TASK PROMPT: Only the lines from the one with "v[0] to ptr" to the end of the data below should be given again, exactly, with both ends included and pictures omitted.

MATERIAL FOR THE TASK:
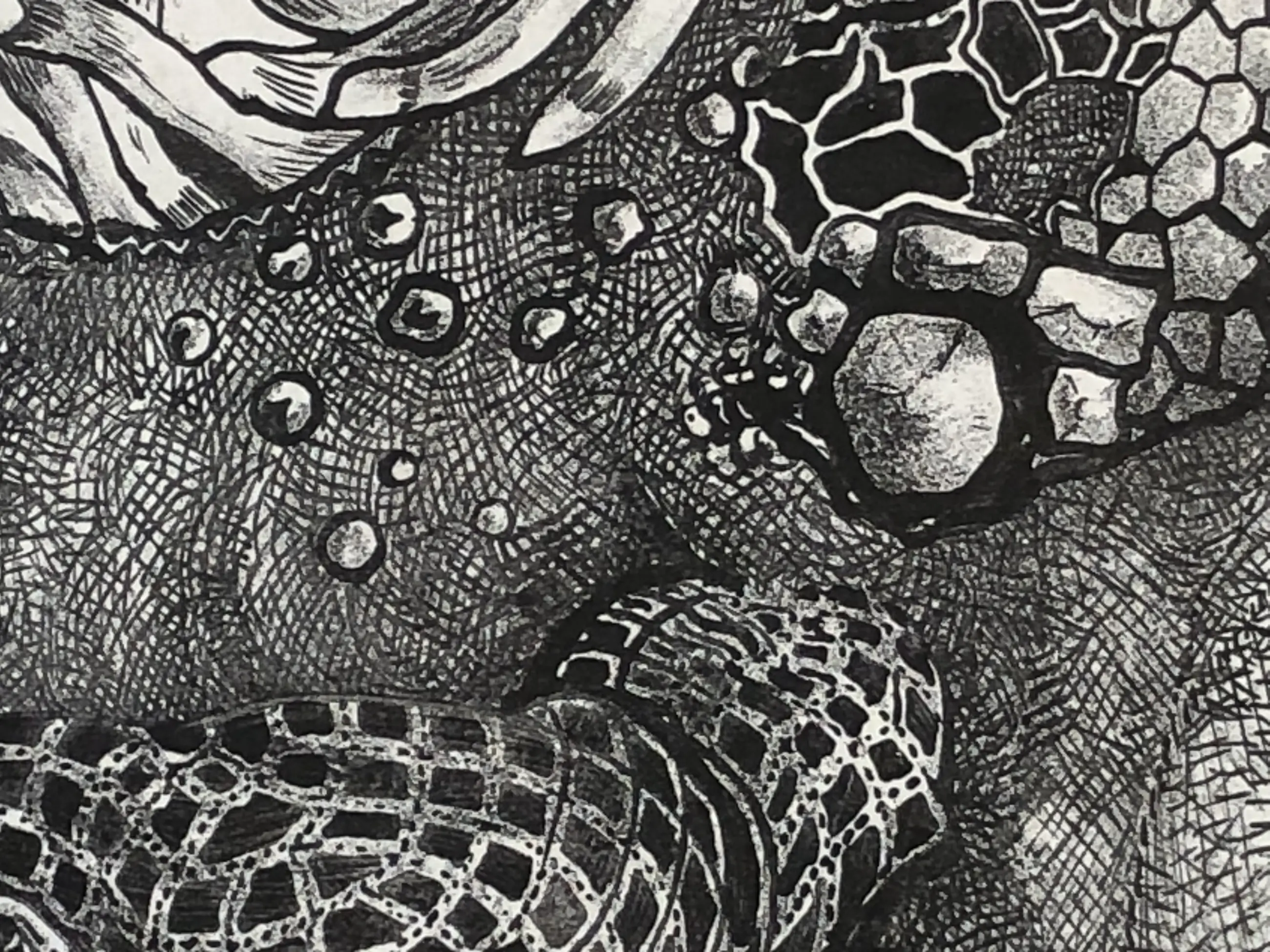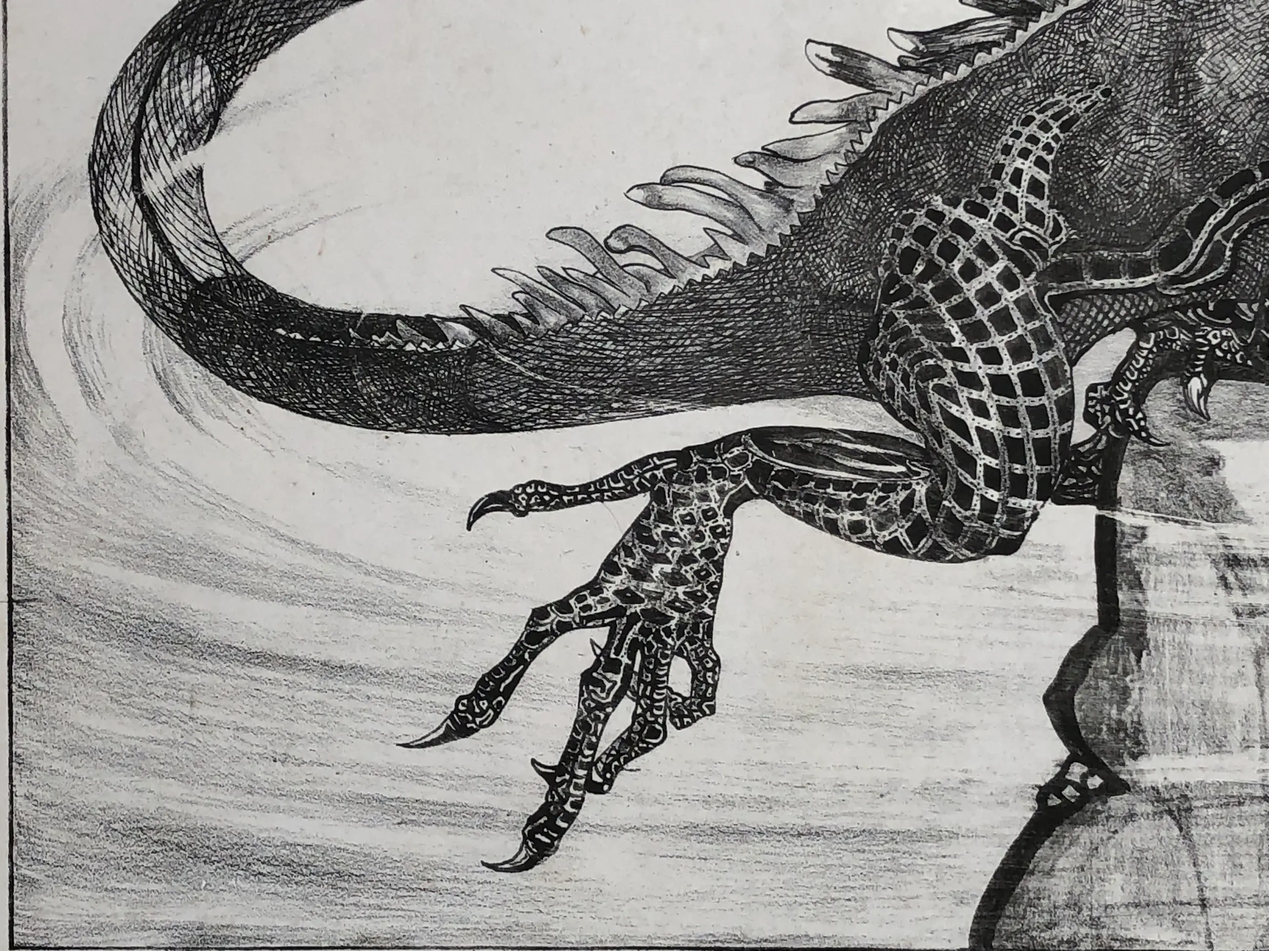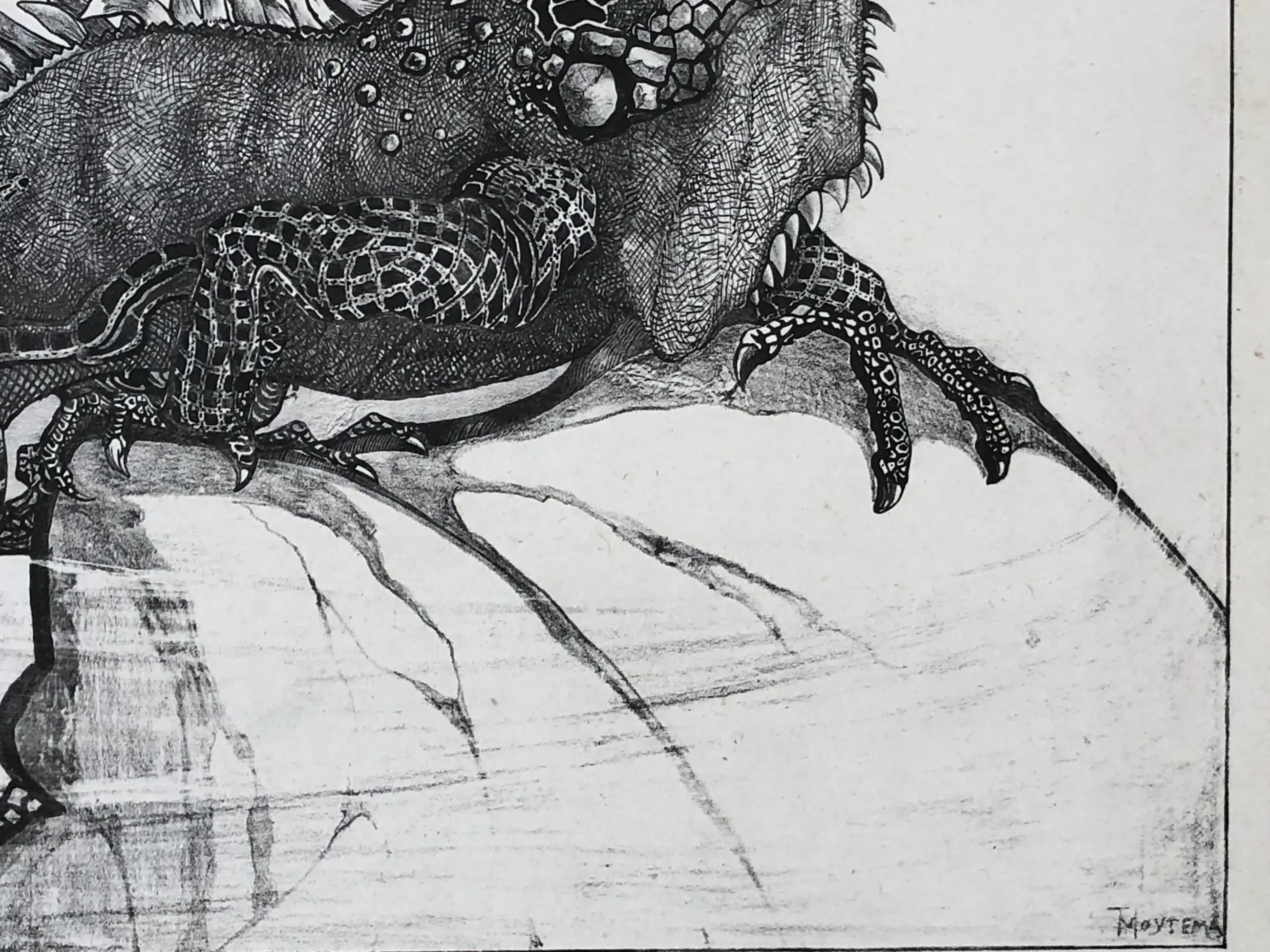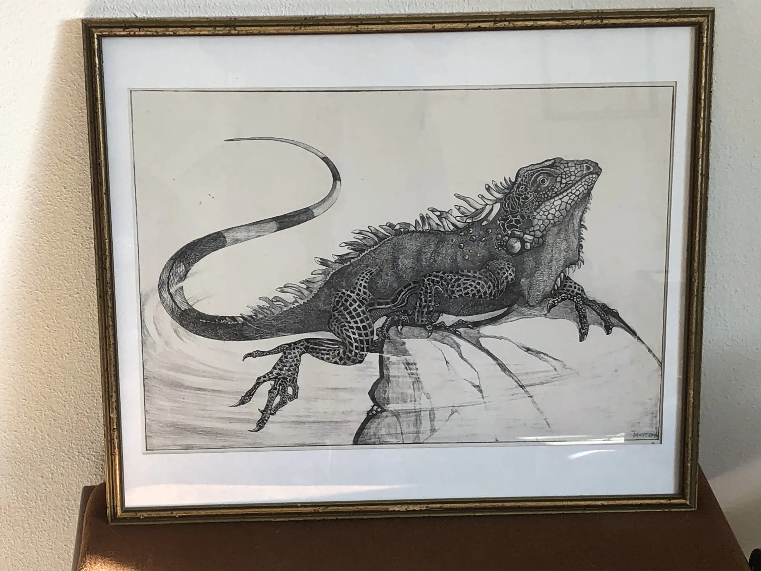 Grote litho van een leguaan, zittend op een steen in het water. Dit is nr.6 uit de serie van zes grote dierstudies uit 1898, waaronder behalve de leguaan o.a. de beroemde angorakonijnen en de zilverreiger. De zes litho’s worden vanwege hun uiterst gedetaillerde uitwerking beschouwd als het belangrijkste lithografische werk van Van Hoytema. De zes litho’s zijn uitgegeven als map en slechts zeer beperkt gesigneerd in potlood. De meeste signaturen in potlood zijn later toegevoegd, al dan niet door de kunstenaar. Zie o.a. Rijksmuseum / de Groot 90 (ii/III).
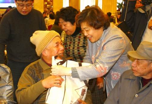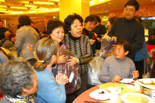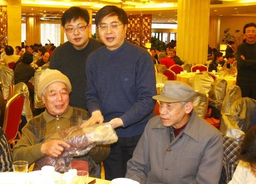 自2007年以来,分会领导与孤寡老人同吃年夜饭的传统已延续了4年。席间,到会领导与老人亲切交谈,真诚问候,祝老人们新春快乐,健康长寿,并为每位老人送上由顾卞裘莉女士捐赠的羽绒背心、糕点、食品。
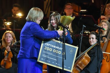 Директор Благотворительного фонда «Искусство, наука и спорт» Фатима Мухомеджан на торжественной церемонии вручения VIII Всероссийской премии «За верность науке» в Московском концертном зале «Зарядье».
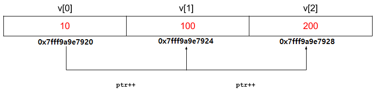 // Assign the address of v[0] to ptr
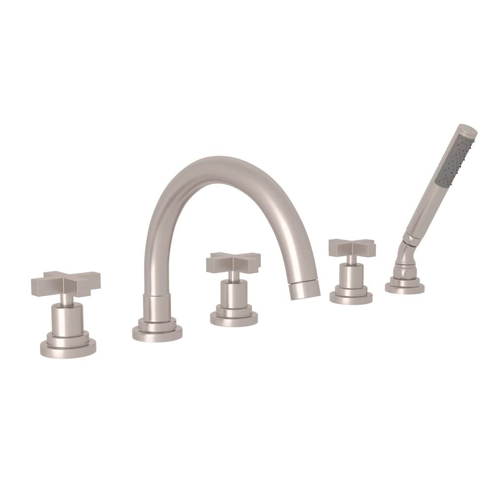 Rohl A2214XMSTN Lombardia Roman Tub Faucet with Handshower Satin Nickel Cross
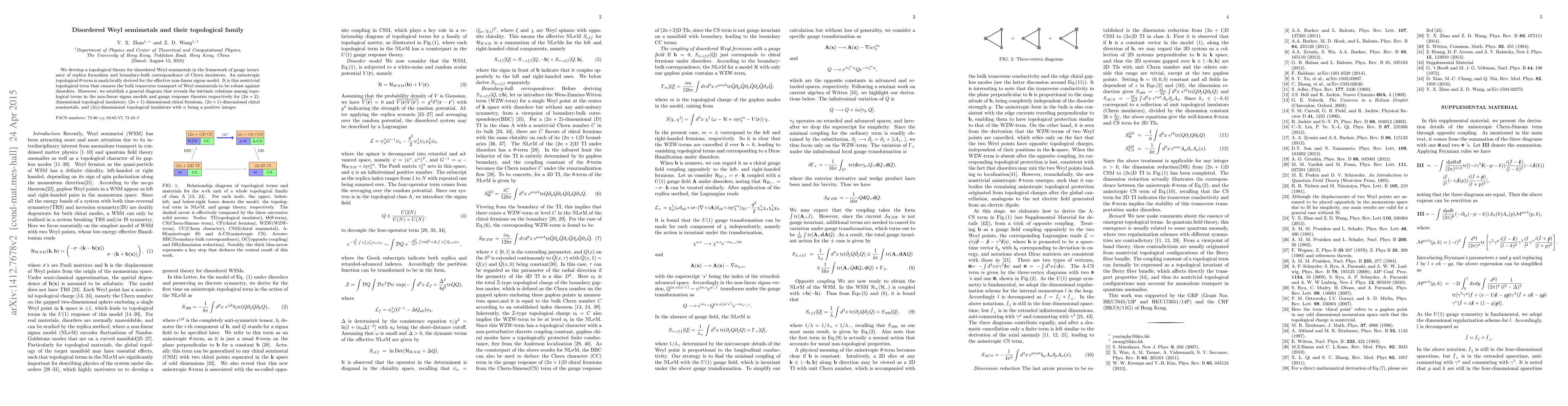 This paper develops a topological theory for disordered Weyl semimetals, using replica formalism and Chern insulator concepts to derive an anisotropic topological $\theta$-term that ensures robust bulk transverse transport despite disorder. It also establishes a diagram linking topological terms in non-linear sigma models and gauge response theories across various dimensional topological phases.

THE COMPLETED TASK:
 // Assign the address of v[0] to ptr
 Rohl A2214XMSTN Lombardia Roman Tub Faucet with Handshower Satin Nickel Cross
 This paper develops a topological theory for disordered Weyl semimetals, using replica formalism and Chern insulator concepts to derive an anisotropic topological $\theta$-term that ensures robust bulk transverse transport despite disorder. It also establishes a diagram linking topological terms in non-linear sigma models and gauge response theories across various dimensional topological phases.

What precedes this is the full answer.